Perl Weekly Challenge 90: DNA Sequence and Ethiopian Multiplication
These are some answers to the Week 90 of the Perl Weekly Challenge organized by Mohammad S. Anwar.
Spoiler Alert: This weekly challenge deadline is due in a few days (December 13, 2020). This blog post offers some solutions to this challenge, please don’t read on if you intend to complete the challenge on your own.
Task 1: DNA Sequence
DNA is a long, chainlike molecule which has two strands twisted into a double helix. The two strands are made up of simpler molecules called nucleotides.
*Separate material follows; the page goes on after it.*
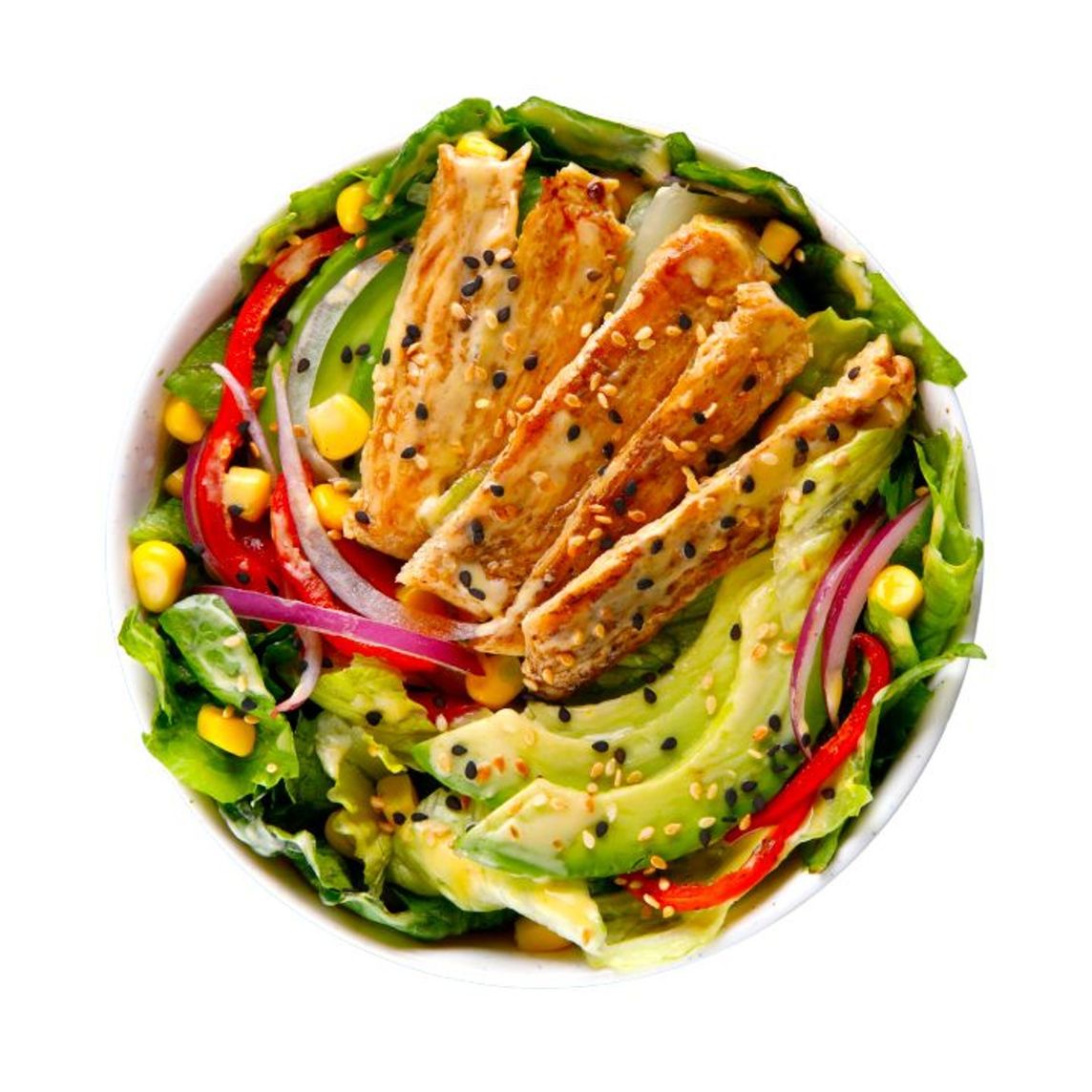 Pollo teriyaki (40 g), lechugas, pepino, pimiento rojo, cebolla morada, aguacate, elote y salsa mil islas.

Each nucleotide is composed of one of the four nitrogen-containing nucleobases cytosine (C), guanine (G), adenine (A) and thymine (T).
You are given DNA sequence, GTAAACCCCTTTTCATTTAGACAGATCGACTCCTTATCCATTCTCAGAGATGTGTTGCTGGTCGCCG
.
Write a script to print nucleobase count in the given DNA sequence. Also print the complementary sequence where Thymine (T) on one strand is always facing an adenine (A) and vice versa; guanine (G) is always facing a cytosine (C) and vice versa.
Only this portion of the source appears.